Troubleshooting Guide¶
Common issues and their solutions when using GenAIRR.
Common Errors¶
1. "AttributeError" or "TypeError" when creating pipelines¶
Most common cause
This almost always means you are using old API syntax. See the Migration Guide for a full before/after comparison.
Problem: Using the old API or wrong constructor syntax.

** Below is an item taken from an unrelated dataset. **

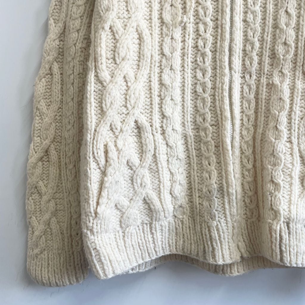 エクアドル製 Ecuador エクアドルニット ケーブルニット セーター カーディガン ニットパーカー フルジップ ポケット付き 白 ホワイト アイボリー No.U848

Solution: Pass config to the Pipeline constructor and use keyword arguments for steps:
from GenAIRR import Pipeline, steps, HUMAN_IGH_OGRDB, S5F
pipeline = Pipeline(
config=HUMAN_IGH_OGRDB,
steps=[
steps.SimulateSequence(S5F(min_mutation_rate=0.003, max_mutation_rate=0.25), productive=True),
# ... more steps
]
)
2. "No functional sequences generated"¶
Problem: All generated sequences have stop codons or are out-of-frame.
Solutions:
- Set productive=True in SimulateSequence
- Lower your mutation rates
- Check your data configuration has functional alleles
# Use productive sequences
steps.SimulateSequence(S5F(min_mutation_rate=0.003, max_mutation_rate=0.25), productive=True)
3. "Empty mutations dictionary"¶
Problem: Using Uniform(0, 0) or very low mutation rates.

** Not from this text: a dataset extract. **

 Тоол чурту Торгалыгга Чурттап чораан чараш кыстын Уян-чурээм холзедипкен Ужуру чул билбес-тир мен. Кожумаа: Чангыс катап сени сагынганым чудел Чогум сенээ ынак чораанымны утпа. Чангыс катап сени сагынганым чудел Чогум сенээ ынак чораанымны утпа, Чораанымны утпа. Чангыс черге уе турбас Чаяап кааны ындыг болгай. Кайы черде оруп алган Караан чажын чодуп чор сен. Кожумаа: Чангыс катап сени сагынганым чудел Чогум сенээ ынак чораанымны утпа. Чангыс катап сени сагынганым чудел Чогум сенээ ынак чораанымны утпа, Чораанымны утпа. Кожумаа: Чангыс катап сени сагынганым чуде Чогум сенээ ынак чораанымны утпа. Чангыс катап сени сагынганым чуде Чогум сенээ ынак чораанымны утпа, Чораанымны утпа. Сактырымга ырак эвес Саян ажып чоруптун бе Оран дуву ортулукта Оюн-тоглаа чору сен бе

Solution: Increase mutation rates or use S5F for realistic mutations:
# Instead of this (no mutations)
steps.SimulateSequence(Uniform(min_mutation_rate=0, max_mutation_rate=0), productive=True)
# Use this for naive sequences with potential for mutations
steps.SimulateSequence(S5F(min_mutation_rate=0.001, max_mutation_rate=0.01), productive=True)
4. "Allele not found in data config"¶
Problem: Trying to use specific alleles that don't exist in your DataConfig.
Solution: Check available alleles first:
# List available V allele families
print("V allele families:", list(HUMAN_IGH_OGRDB.v_alleles.keys())[:5])
# Access specific allele properly (using family name)
v_allele = HUMAN_IGH_OGRDB.v_alleles['IGHVF1-G1'][0] # First allele in family
d_allele = HUMAN_IGH_OGRDB.d_alleles['IGHD1-1'][0]
j_allele = HUMAN_IGH_OGRDB.j_alleles['IGHJ1'][0]
# View all alleles in a family
for allele in HUMAN_IGH_OGRDB.v_alleles['IGHVF1-G1']:
print(allele.name)
5. "Pipeline execution is very slow"¶
Potential causes and solutions: - High mutation rates: Lower max_mutation_rate - Complex pipelines: Remove unnecessary steps - Productive=True with high mutation rates: The library keeps retrying until finding functional sequences
# Faster execution
steps.SimulateSequence(S5F(min_mutation_rate=0.003, max_mutation_rate=0.05), productive=True)
Performance Optimization¶
Memory Usage¶
- Generate sequences in batches rather than all at once
- Use
get_dict()only when needed (it creates copies)
Speed Tips¶
Quick wins for faster generation
- Use built-in data configs (they're pre-optimized and lazily loaded)
- Avoid very high mutation rates (>0.3) unless necessary
- Use
EnforceSequenceLengthto cap sequence length - Set
productive=Falseif you don't need the productivity guarantee
Debugging Tips¶
Check Your Pipeline¶
# Print pipeline structure
for i, step in enumerate(pipeline.steps):
print(f"Step {i}: {type(step).__name__}")
Inspect Container State¶
# After execution
container = pipeline.execute()
print("Sequence length:", len(container.sequence))
print("Mutations count:", len(container.mutations))
print("Is productive:", container.productive)
Validate Data Config¶
# Check if data config is loaded
print("V alleles count:", len(HUMAN_IGH_OGRDB.v_alleles))
print("Chain type:", HUMAN_IGH_OGRDB.metadata.chain_type)
Getting Help¶
- Check this troubleshooting guide first
- Review the parameter reference for correct usage
- Look at the examples in documentation
- Check if your issue is covered in existing GitHub issues
- Create a minimal reproducible example when reporting bugs